Thursday, December 22, 2011

The ultimate last-minute Christmas survival guide

Ultimate. A much-misused word. A word that doesn’t mean “best”, or “finest”, or “taste the difference”, or any of those other tempting phrases the supermarkets use to package fancy-looking ham or overpriced chicken gizzards.

No, “ultimate” means “last”. It means “final”. It means “done”. And it means “dusted”.

So, if you’re one of those people who idly leafed through the so-called Last-Minute Gift Guides that fell out of the posher daily papers a couple of weeks ago...

And if you’re one of those people who laughed slyly, used the supplement to line the hamster cage and said to yourself “Ha! There’s tons of time left till Christmas...”

And if you’re one of those people who really does wake up on Christmas Eve and realise you haven’t bought a turkey – then this one’s for you: the Ultimate, Final, Left-It-Too-Late Guide To Those Last-Minute Christmas Conundrums.

Q: When I look in the window of a jewellers’ shop, why are all the price tags always face-down so I can’t read them?

A: Because if you have to ask, you can’t afford it. There are, even here in Bath, some lesser jewellers who do show the prices of the trinkets in their displays. But you probably can’t afford them either.

Q: What is the point of Brussels sprouts? Be honest, I can take it.

A: The Brussels sprout is a symbol of seasonal regeneration, a green shoot amid the murk and mire of darkest December, a token of Dame Nature’s infinite bounty...

Q: You’re making this up as you go along, aren’t you?

A: No. Oh all right, yes. Ask me an easier one.

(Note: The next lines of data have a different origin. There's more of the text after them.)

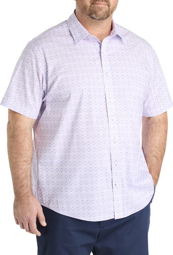 Classic button downs like this one are a staple in every guy's wardrobe. Detailed with a geometric print pattern, this short-sleeve sport shirt looks great from work day to date night. Designed at DXL with precise proportions and an ideal fit for Big + Tall guys, the soft cotton style offers built-in stretch for ease and gives you the freedom to move without restriction. Wear it with shorts, jeans or twills for that effortlessly, put-together look.
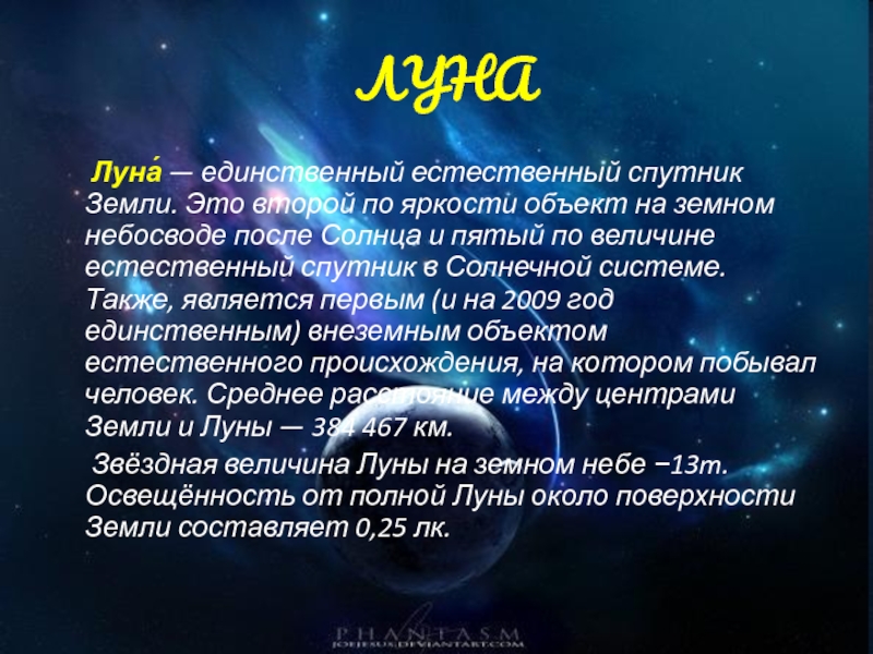 яркости объект на земном небосводе после Солнца и пятый по величине естественный спутник в Солнечной системе. Также, является первым (и на 2009 год единственным) внеземным объектом естественного происхождения, на котором побывал человек. Среднее расстояние между центрами Земли и Луны — 384 467 км.
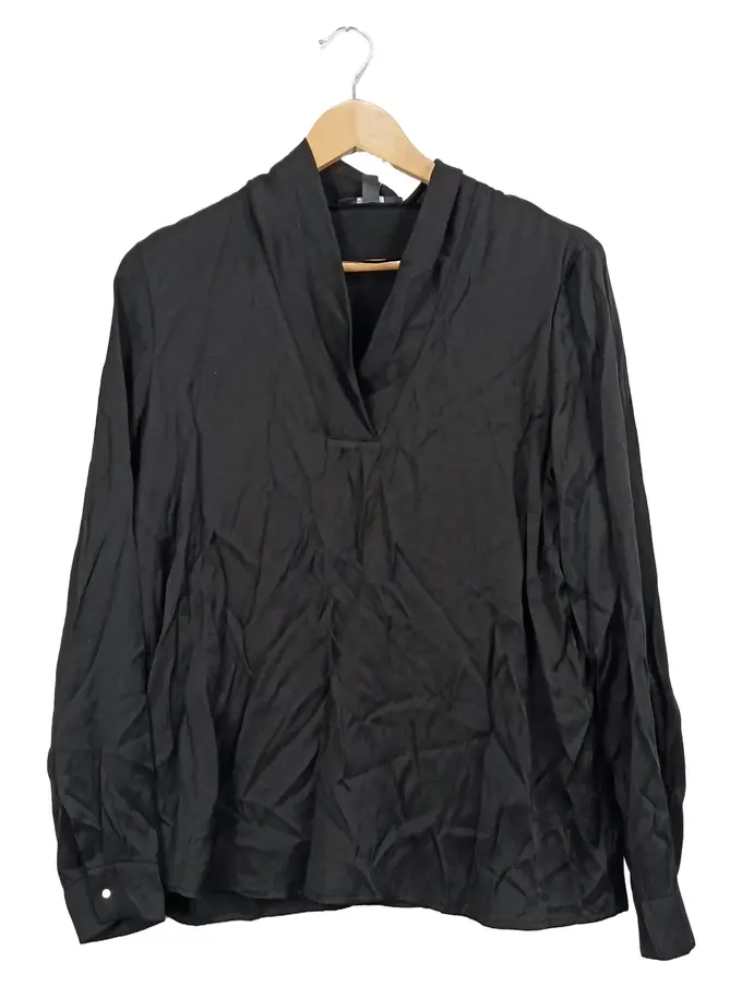 Damen Bluse Langarm Schwarz Gr. 38 M Elegant V-Ausschnitt
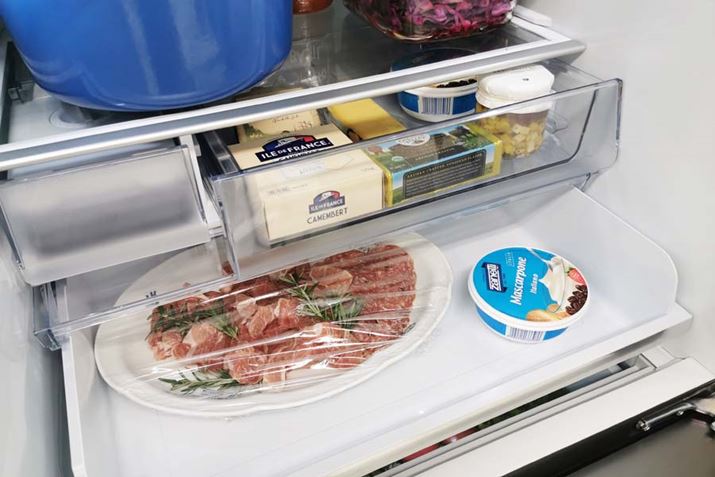 幅47pの「フルワイド旬鮮チルド」は、大きなトレイも重ねることなく収納できるため、使いやすいだけでなく、重ね買いや使い忘れのリスクを低減できます。
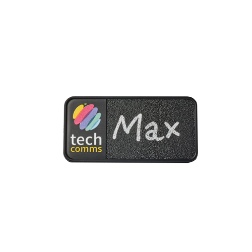Made from recycled plastic, this reusable badge features a chalkboard style with name window on the right.
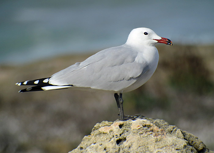 Der schöne Weg schlängelt sich durch eine offene mediterrane Heidelandschaft (Garigue) (Bild). Einmal komme ich einem Wiedehopf zu nahe und er fliegt auf. Etwas oberhalb vom Strand steht eine Beobachtungsplattform zur Verfügung. Von hier hat man einen tollen Blick zum Meer (Bild). In den dichten Büschen rund um die Plattform sind Schwarzkehlchen (eines davon im Bild) und Samtkopf-Grasmücken auf Beerensuche. Beim Weg, der unten am Strand entlang führt, sehe ich einen Waldwasserläufer (Bild). Oder könnte es auch ein Flussuferläufer sein? Ich bin mir nicht ganz sicher. Ich will ihn suchen und gehe zum Strand, aber da ist er schon verschwunden. Mehrere Seeregenpfeifer und einige Korallenmöwen rasten auf den Felsen. Ein Seidenreiher sucht in der kleinen Bucht nach Nahrung. Nach einer kurzen Brotzeitpause werfe ich meinen Apfelbutzen weg. Ärgere mich, dass ich nicht weit genug geworfen habe. Aber da hat auch schon eine Korallenmöwe den Apfelrest entdeckt und frisst ihn auf. Ich bemerke, dass sie sich auf einen Felsen in meiner Nähe niederlässt und mich die ganze Zeit beobachtet. Auf diese Weise kann ich die Korallenmöwe (Bilder) studieren und Fotos machen. Ihr dunkelroter Schnabel, die dunkelgrauen bzw. grünlichen Beine und die dunkle Iris sind gute Erkennungszeichen. Sie ist etwas kleiner als die Mittelmeermöwe. Ihr Hauptverbreitungsgebiet sind die Mittelmeerküsten und die nordatlantischen Küsten Portugals und Frankreichs.
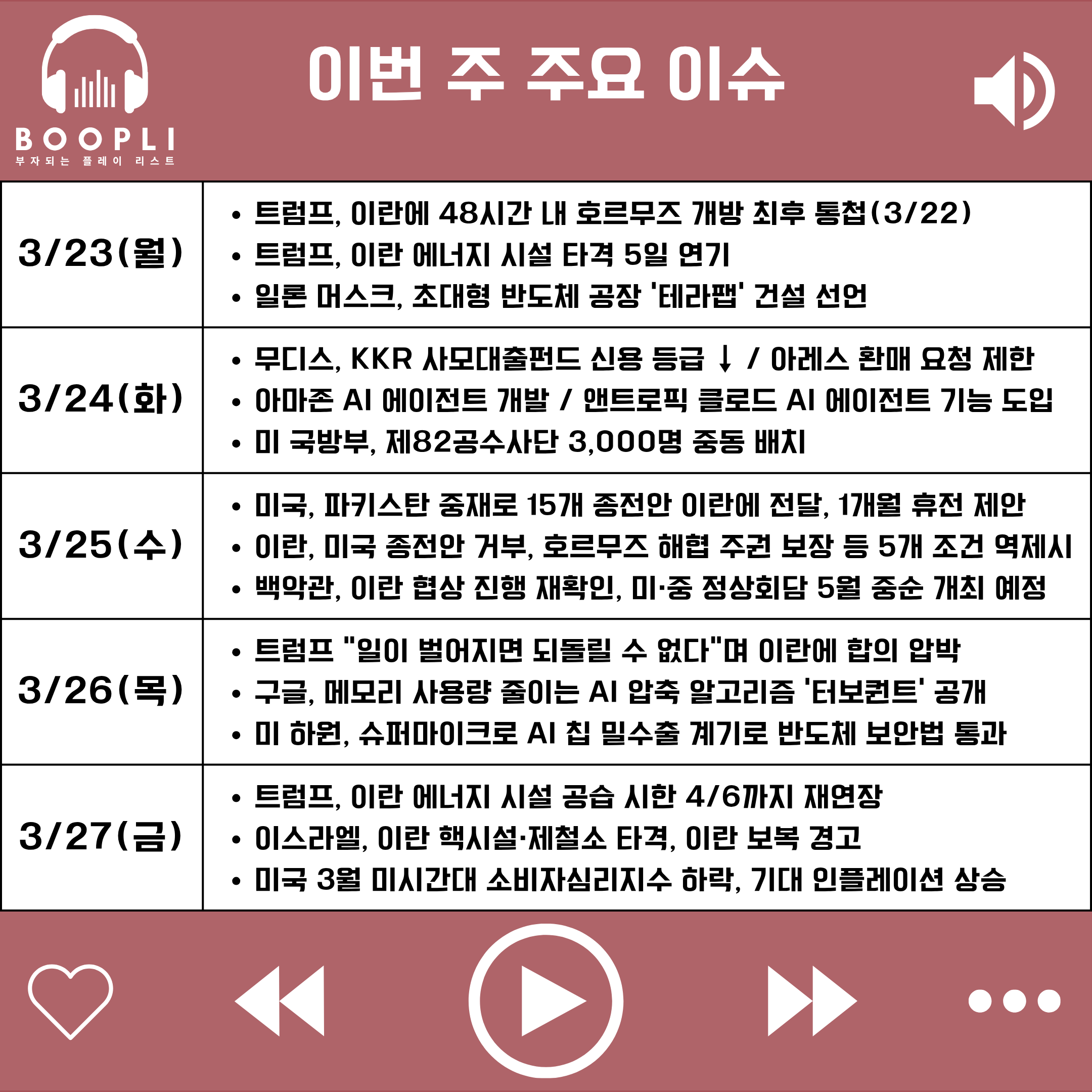 주 초반에는 트럼프 대통령이 이란과의 협상 진전을 언급하며 군사 타격을 5일간 유예한다고 선언하자 '트럼프는 항상 물러선다'는 'TACO(Trump Always Chickens Out)' 트레이드가 작동하며 유가·금리가 급락하고 주요 지수가 일제히 상승했으나, 이란 측의 협상 사실 전면 부인과 이스라엘의 테헤란 공습 강행으로 상승폭이 일부 반납됐다.

Q: Why do they make blue Quality Streets when no one eats them?

A: To fill in the spaces between the purple ones.

Q: All, right, I’ll come clean. It’s Christmas Eve, I haven’t bought a turkey, and the whole family, including rich Auntie Agnes, is descending en masse for lunch tomorrow. What’s my next move?

A: Run for your life. Alternatively, invest in one of those four-bird roast things that are all the rage this year. As an added bonus, you’ll have enough unidentified avian leftovers for at least three weeks’ worth of sandwiches.

Q: Right, I need to get back to the shops. Most of them have double doors, don’t they? So why do the people who are trying to get in always use the same door as the people going out?

A: What’s that got to do with Christmas?

Q: Not a lot really, just idle curiosity. And how come you’ve started asking the questions and I’ve started answering them?

A: Good point. Ask me another one before anybody notices.

Q: What should I buy for the man who has everything?

A: Nothing. But he won’t thank you for it.

So there you are. The gold mines may be empty, the frankincense trees may be wilting and the myrrh bushes may be down with the blight, but for you, Christmas is ultimately sorted. Have a good one!